### [Problem details]
Leaving out all pictures, give again each line exactly, from the start of the listing through the line that contains "Την παρουσίαση του".

-------- Exercise data

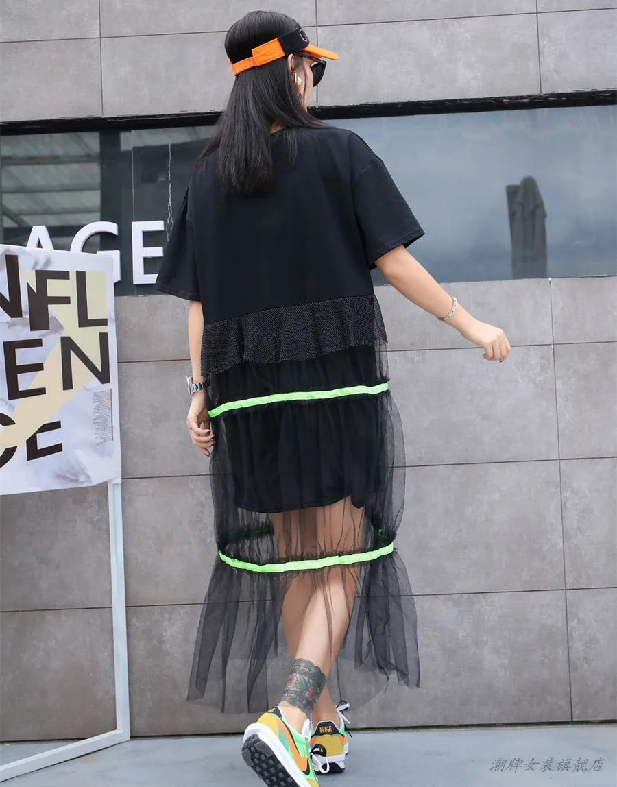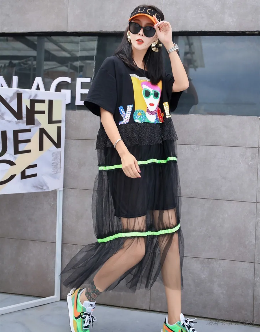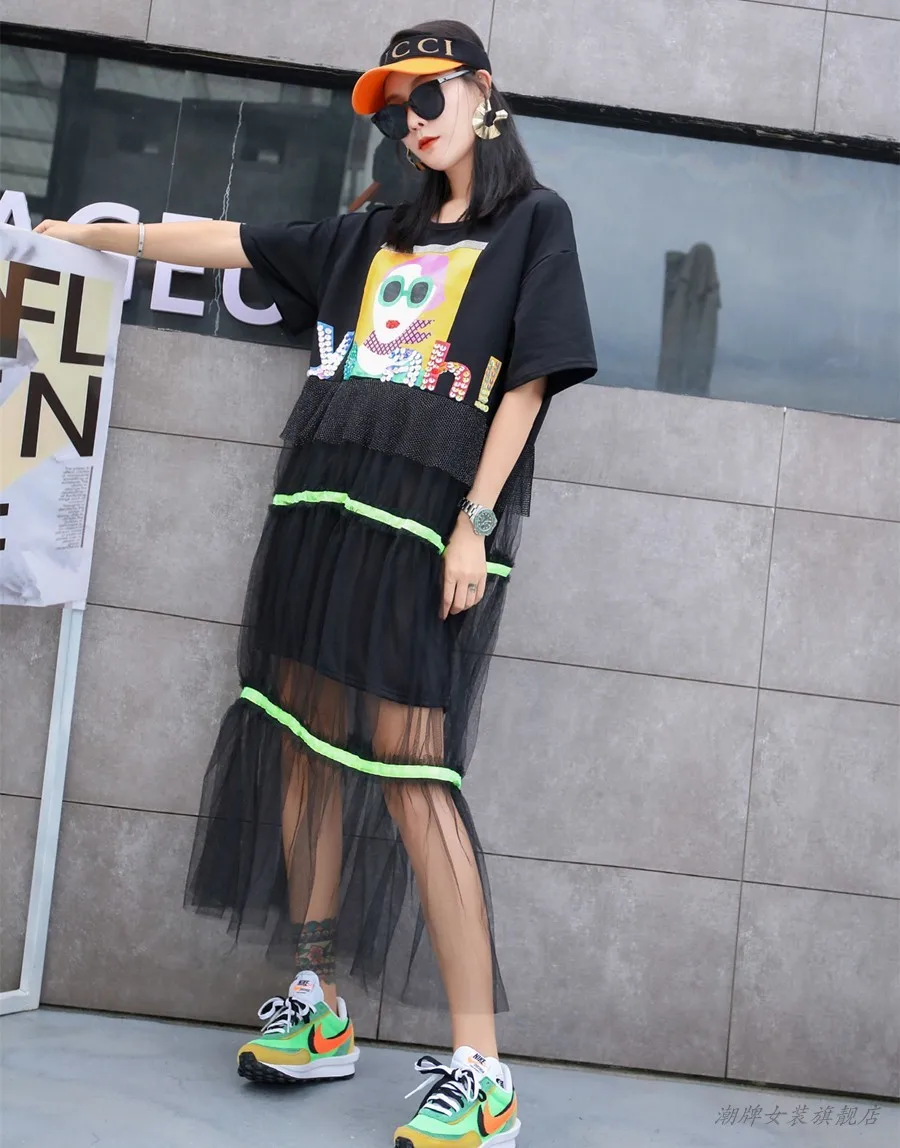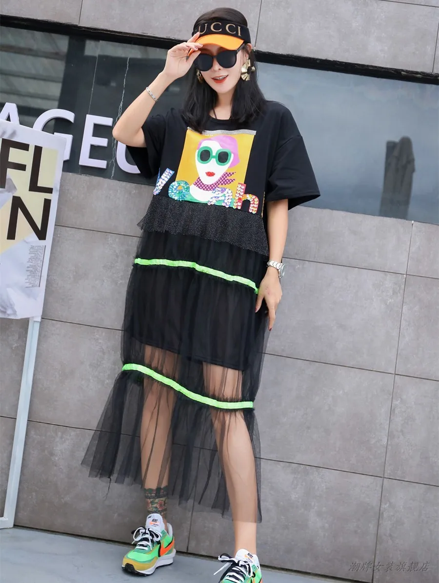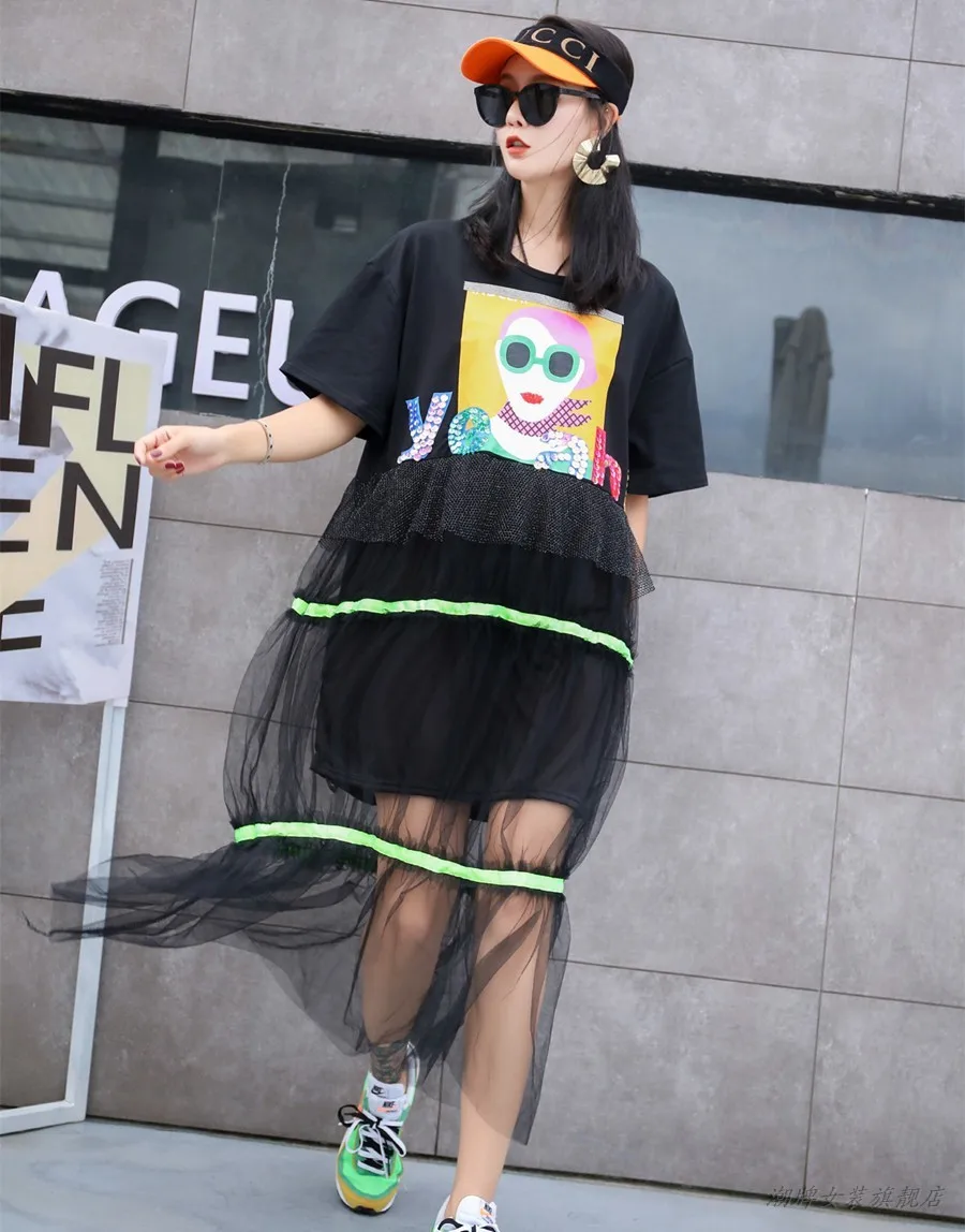 QING MO, женское летнее Сетчатое платье-футболка в стиле пэчворк, женское платье с рисунком для девочек
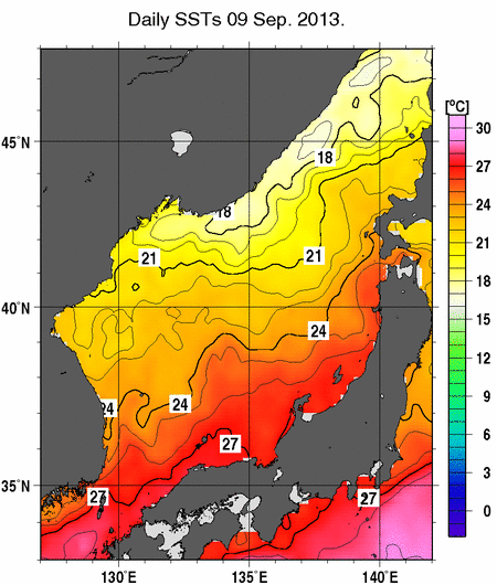 「解説」に戻る日本海の深さ200mの水温分布図(9月9日)
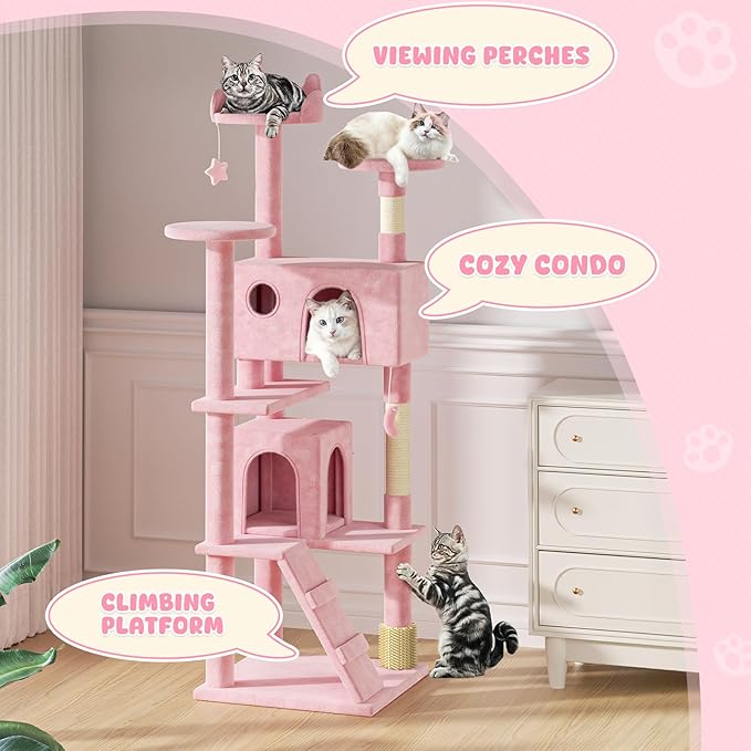 Magshion Cat Tree 77" Cats Tower for Indoor Cats, Multi-Level Cat Condo with Scratching Post, Top Perch, Sisal Board and Dangling Ball, Cat Stand Jumping Platform Kittens Pet Play House (Pink)
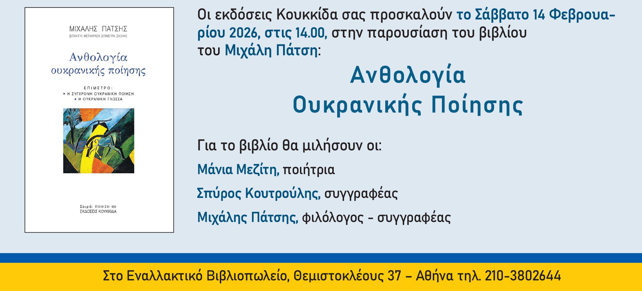 Την παρουσίαση του βιβλίου του Μιχάλη Πάτση, με τίτλο «Ανθολογία Ουκρανικής Ποίησης» διοργανώνουν οι εκδόσεις Κουκκίδα το Σάββατο 14 Φεβρουαρίου 2026, στις 14:00.
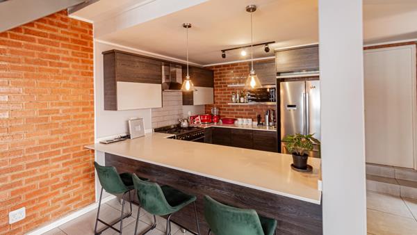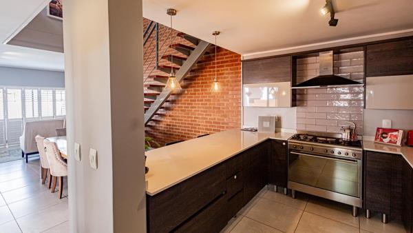 Downstairs, youre welcomed into a bright and spacious open-plan living area, featuring an ultra-modern kitchen with a separate scullery for added convenience. The kitchen offers ample Caesarstone countertops and cupboard space, accommodates a double-door fridge, and is equipped with a gas hob and undercounter space for three appliances.
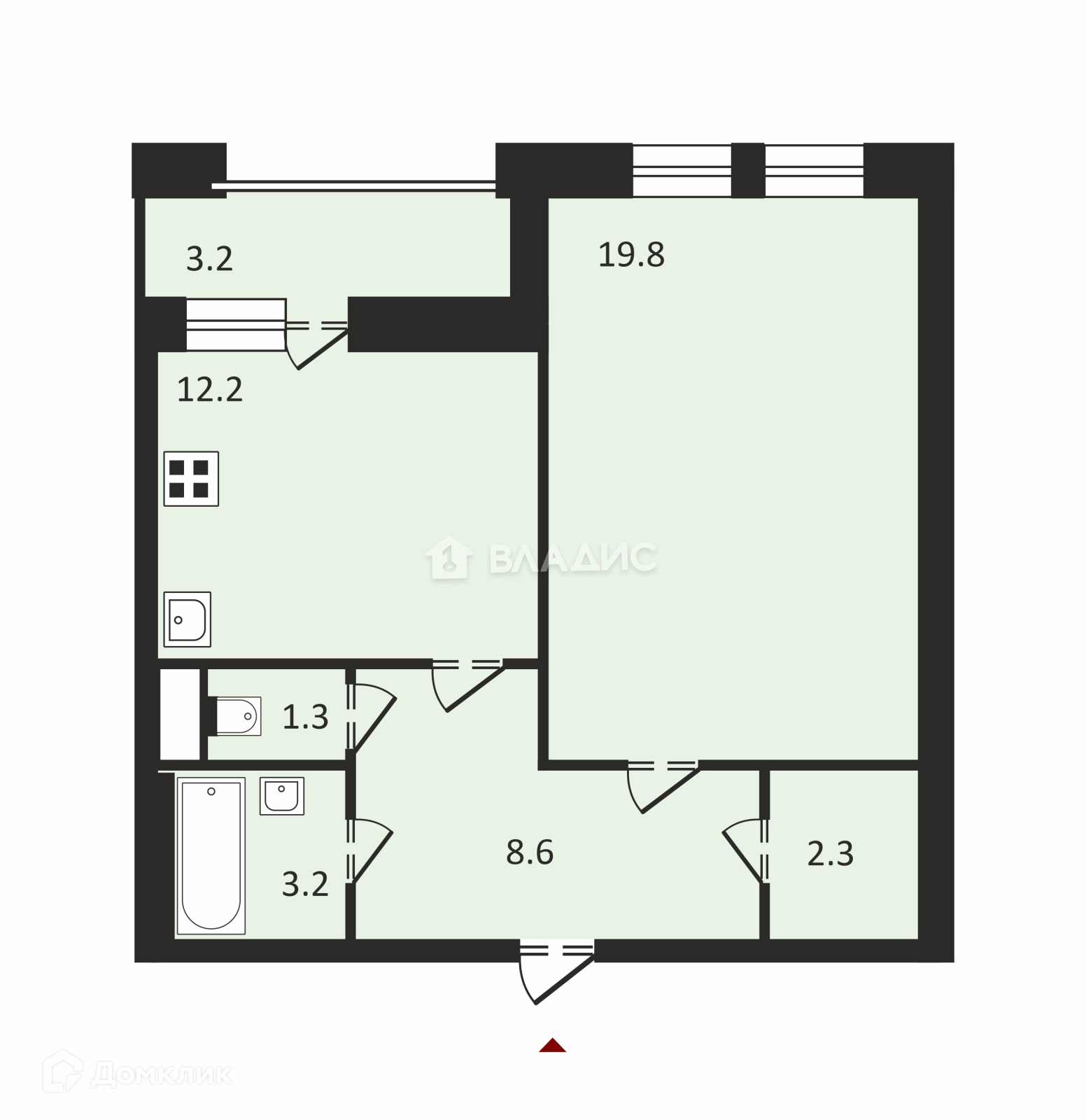 Жилая площадь 19.8 м2
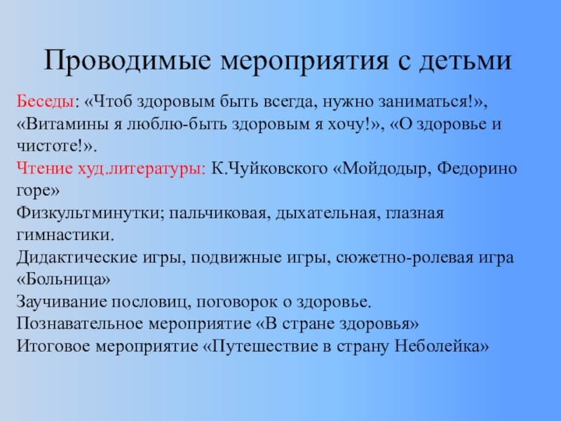 Итоговое мероприятие «Путешествие в страну Неболейка»
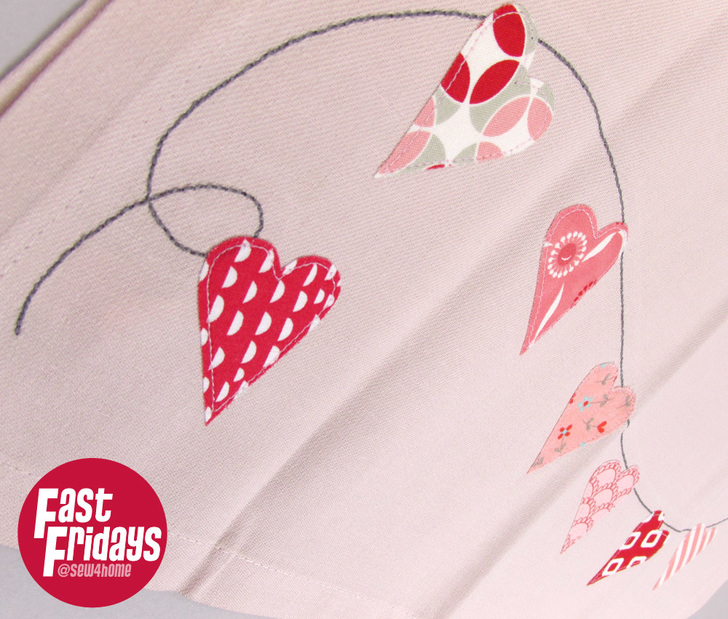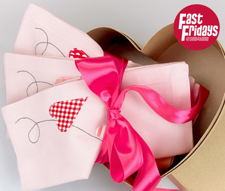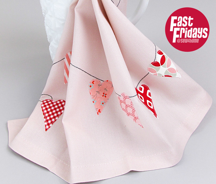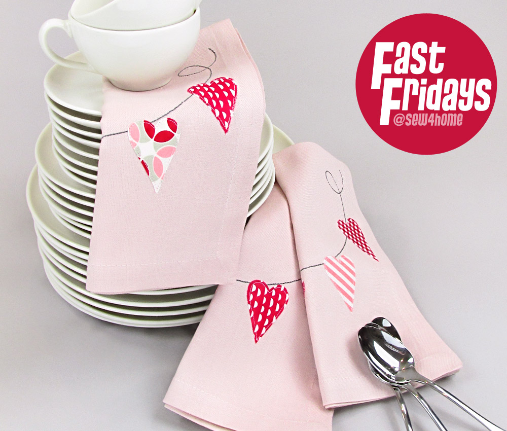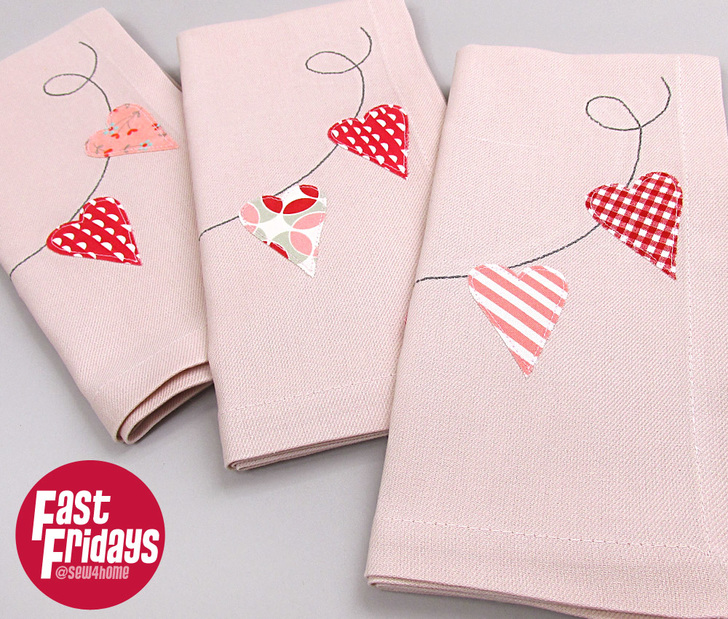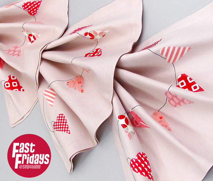When you’re full of love, let it show! We’re hanging our hearts on a curlicue clothesline for everyone to see. The S4H Fast Fridays series is all about whipping out something wonderful in no time at all. When you start with a set of purchased napkins, all that’s left is the easy appliqué. We show you a clever trace and stitch technique that will make quick work of one, two, three or a table full of napkins.
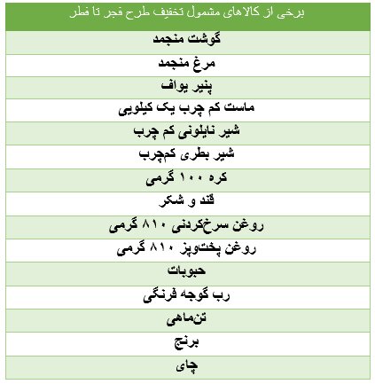 به گزارش خبرگزاری مهر، سعید راد در یک برنامه تلویزیونی اظهار کرد: کالاهایی که در طرح فجر تا فطر مشمول تخفیف ۱۰ تا ۲۵ درصدی هستند شامل گوشت منجمد، مرغ منجمد، قند و شکر، پنیر یواف، ماست کم چرب یک کیلویی، شیر نایلونی کم چرب، شیر بطری کمچرب، کره ۱۰۰ گرمی، روغن سرخکردنی ۸۱۰ گرمی، روغن پختوپز ۸۱۰ گرمی، حبوبات، رب، تنماهی، برنج، چای و برخی از کالاهای دیگر که در فروشگاههای مختلف با توجه به برندهای متنوع، متفاوت است.
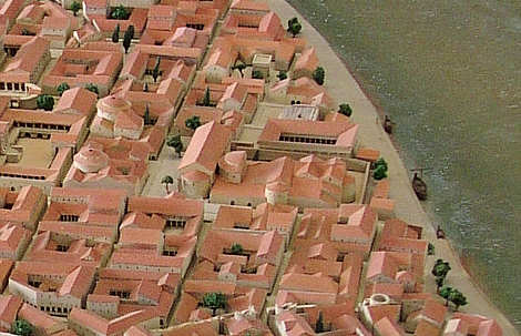 Modell der antiken Stadt mit den sog. Konstantinsthermen (im Zentrum), links daneben der Präfektorenpalast, ganz links am Bildrand das Forum

----------------

### [Answer to the problem]
 QING MO, женское летнее Сетчатое платье-футболка в стиле пэчворк, женское платье с рисунком для девочек
 「解説」に戻る日本海の深さ200mの水温分布図(9月9日)
 Magshion Cat Tree 77" Cats Tower for Indoor Cats, Multi-Level Cat Condo with Scratching Post, Top Perch, Sisal Board and Dangling Ball, Cat Stand Jumping Platform Kittens Pet Play House (Pink)
 Την παρουσίαση του βιβλίου του Μιχάλη Πάτση, με τίτλο «Ανθολογία Ουκρανικής Ποίησης» διοργανώνουν οι εκδόσεις Κουκκίδα το Σάββατο 14 Φεβρουαρίου 2026, στις 14:00.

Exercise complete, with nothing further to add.